_Work to complete_:
Please keep to the lines below from the one with "La découpe de" through the one with "Domusnova fasteignasala og", and restate them word for word, ends included.

_Records_:
== Segment start ==

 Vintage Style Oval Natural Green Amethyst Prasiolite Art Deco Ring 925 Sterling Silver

== Segment end ==
== Segment start ==

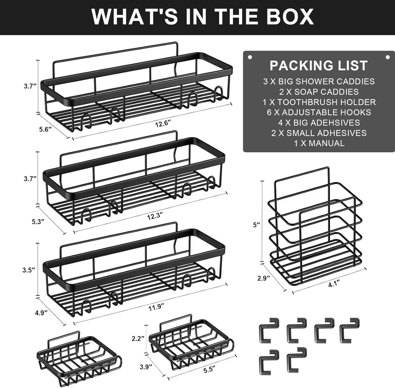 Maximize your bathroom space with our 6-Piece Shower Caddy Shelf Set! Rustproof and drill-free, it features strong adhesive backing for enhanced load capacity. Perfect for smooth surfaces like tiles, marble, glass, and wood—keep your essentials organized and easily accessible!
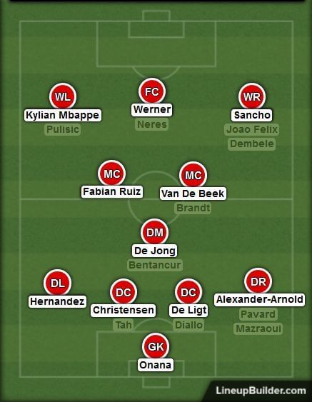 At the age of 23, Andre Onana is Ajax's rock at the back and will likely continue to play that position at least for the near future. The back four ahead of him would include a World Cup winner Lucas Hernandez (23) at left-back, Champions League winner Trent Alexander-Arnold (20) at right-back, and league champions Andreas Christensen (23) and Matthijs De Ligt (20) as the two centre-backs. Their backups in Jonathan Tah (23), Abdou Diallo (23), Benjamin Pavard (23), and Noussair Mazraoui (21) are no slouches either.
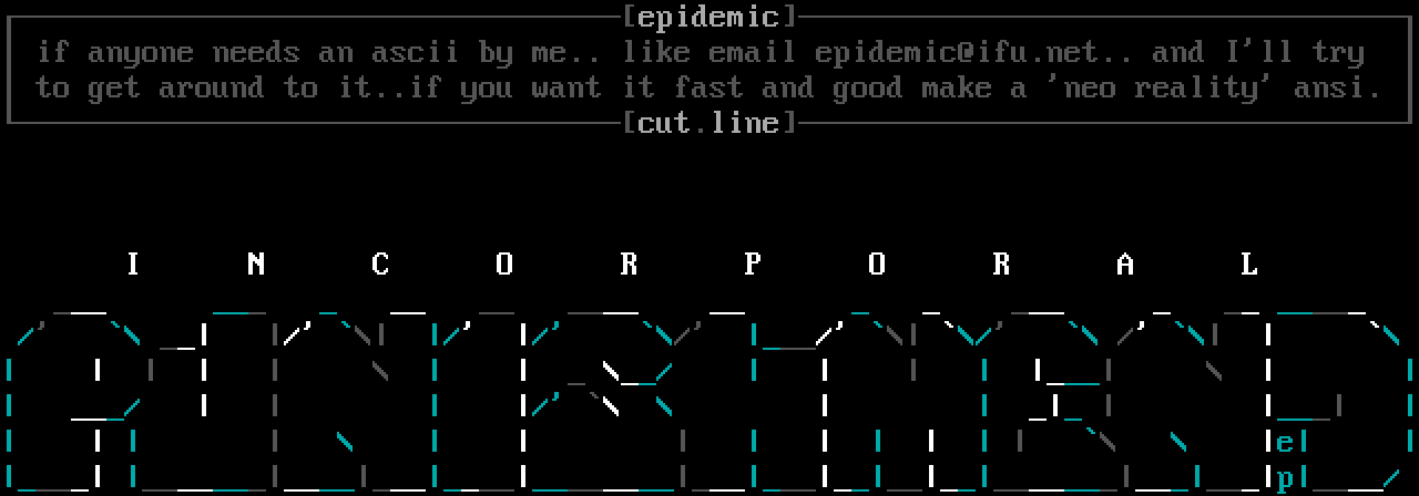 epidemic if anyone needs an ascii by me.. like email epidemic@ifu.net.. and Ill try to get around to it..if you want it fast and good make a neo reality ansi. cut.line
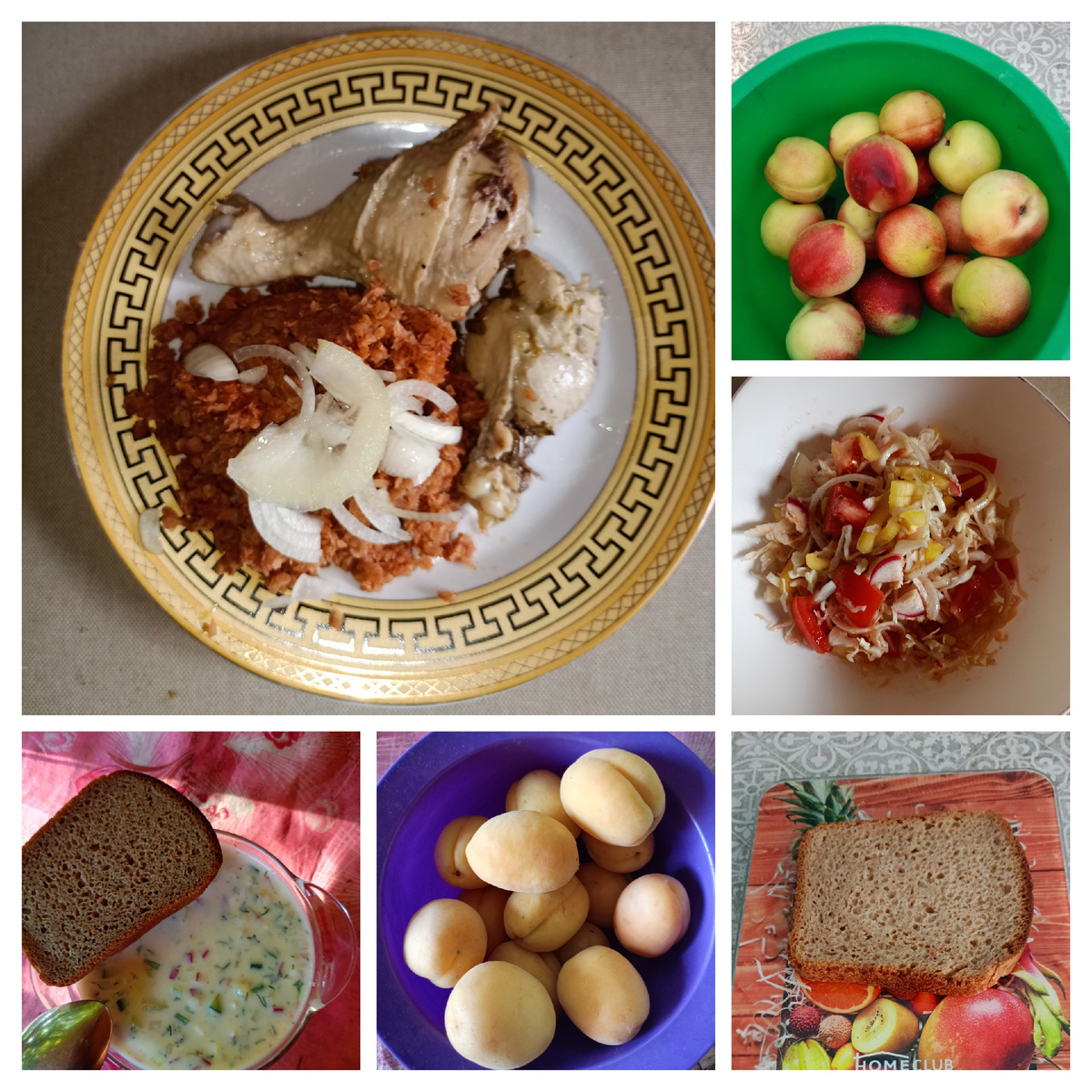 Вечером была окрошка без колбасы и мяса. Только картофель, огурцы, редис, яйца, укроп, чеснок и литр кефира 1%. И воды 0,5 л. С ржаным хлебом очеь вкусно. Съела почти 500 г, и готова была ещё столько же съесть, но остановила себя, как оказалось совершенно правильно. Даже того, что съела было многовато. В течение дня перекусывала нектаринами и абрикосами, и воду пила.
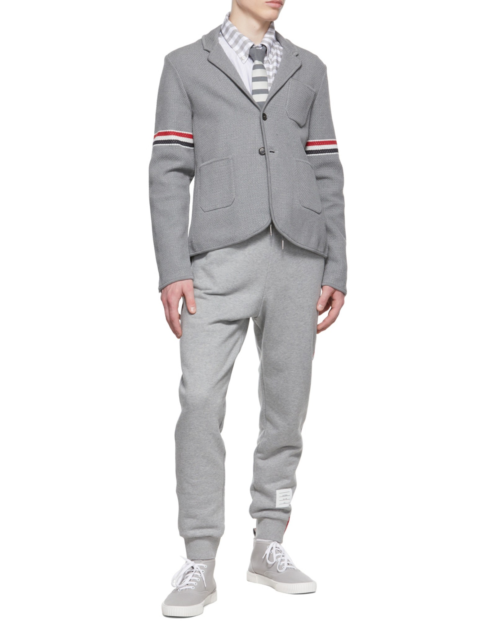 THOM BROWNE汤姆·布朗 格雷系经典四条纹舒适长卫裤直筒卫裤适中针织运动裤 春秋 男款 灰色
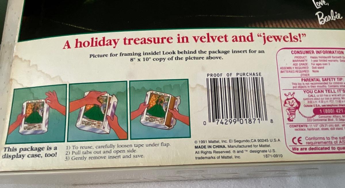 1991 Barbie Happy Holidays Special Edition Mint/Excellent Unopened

== Segment end ==
== Segment start ==

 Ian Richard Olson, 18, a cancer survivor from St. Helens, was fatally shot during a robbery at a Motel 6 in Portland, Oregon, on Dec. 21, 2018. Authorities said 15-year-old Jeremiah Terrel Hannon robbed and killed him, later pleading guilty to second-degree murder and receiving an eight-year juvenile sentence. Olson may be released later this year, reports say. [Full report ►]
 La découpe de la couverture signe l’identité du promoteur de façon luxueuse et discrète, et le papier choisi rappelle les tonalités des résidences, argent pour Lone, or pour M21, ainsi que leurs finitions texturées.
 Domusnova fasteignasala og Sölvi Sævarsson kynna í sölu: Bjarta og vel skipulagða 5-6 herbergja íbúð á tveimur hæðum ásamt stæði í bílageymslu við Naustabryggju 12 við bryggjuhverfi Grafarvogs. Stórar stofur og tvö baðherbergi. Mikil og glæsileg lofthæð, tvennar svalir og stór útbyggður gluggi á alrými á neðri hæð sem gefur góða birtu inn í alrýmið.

== Segment end ==

_Result below_:
 La découpe de la couverture signe l’identité du promoteur de façon luxueuse et discrète, et le papier choisi rappelle les tonalités des résidences, argent pour Lone, or pour M21, ainsi que leurs finitions texturées.
 Domusnova fasteignasala og Sölvi Sævarsson kynna í sölu: Bjarta og vel skipulagða 5-6 herbergja íbúð á tveimur hæðum ásamt stæði í bílageymslu við Naustabryggju 12 við bryggjuhverfi Grafarvogs. Stórar stofur og tvö baðherbergi. Mikil og glæsileg lofthæð, tvennar svalir og stór útbyggður gluggi á alrými á neðri hæð sem gefur góða birtu inn í alrýmið.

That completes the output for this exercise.